Luiz Domingos disse...

Salve Carlos!
a disposição para esse debate é fundamental, principalmente para sair do senso comum. Entretanto, esse sociólogo é um reconhecido combatente das cotas raciais em qualquer instância. E nesse ponto, ele apregoa certas teses que são, em essência, a defesa da manutenção do atual estado de diferença de oportunidades entre negros e brancos. Afirmar que as diferenças étnicas é reultado de construções históricas parece servir, no argumento dele, para afirmar que negros e brancos convivem bem no 'racismo à brasileira'. E isso é omitir as drásticas desigualdades resultantes da cor da pele. Aqui uma bela resenha do livro do Magnoli: http://www1.folha.uol.com.br/fsp/ilustrad/fq2609200922.htm

Abraço

Professor Carlos disse...

Grande amigo Domingos,

Primeiro, é uma honra ter um comentário seu no meu blog, aliás somos amigos de infância e mais ainda, nos tornamos companheiros de profissão, professor e sociólogo.
A proposta de levantar um debate acerca do tema das cotas raciais, é uma idéia que vem dando certo, principalmente com alunos do ensino médio. No espaço do blog, pensei em iniciar com o polêmico livro do Sociólogo Demétrio, que na minha opinião, é um sociólogo burocrático longe dos grandes embates que consideram a diferença algo ainda a superar, ele coloca nos seus textos realidades de sociedades que não tiveram e não tem a mesma lógica da sociedade brasileira, quanto as cotas, estamos discutindo, de forma gradual, com alunos e professores e em breve estaremos propondo a participação junto aos movimentos sociais.
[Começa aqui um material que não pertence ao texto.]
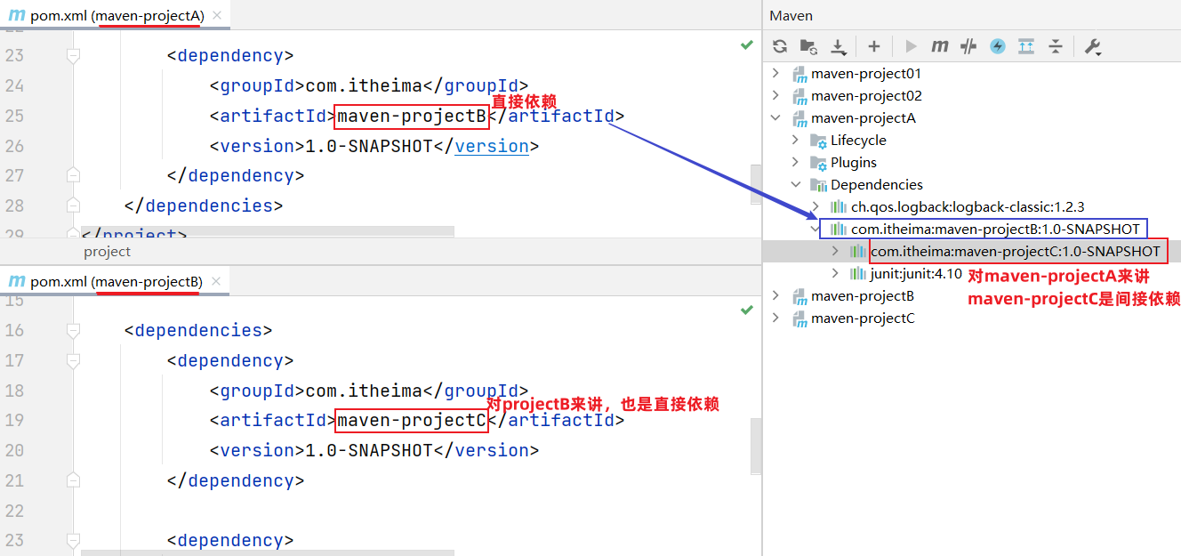 - projectA依赖了projectB。对于projectA 来说,projectB 就是直接依赖。

A minha intenção é propor uma discussão um pouco mais aprofundada a respeito das cotas e tenho escolhido, não por acaso, algumas falas do sociólogo Demétrio, que todos sabemos, tem se esforçado para distanciar-se das desigualdades cruciais entre negros e brancos, no mais, sou a favor das Cotas Sociais e tenho uma grande preocupação com esse tema, porque o risco é muito grande de cair no senso comum, algo que já acontece, e outro medo, é que as pessoas possam se embriagar com discursos fáceis, preconceituosos e demagógicos com em relação a esse tema. Um grande abraço!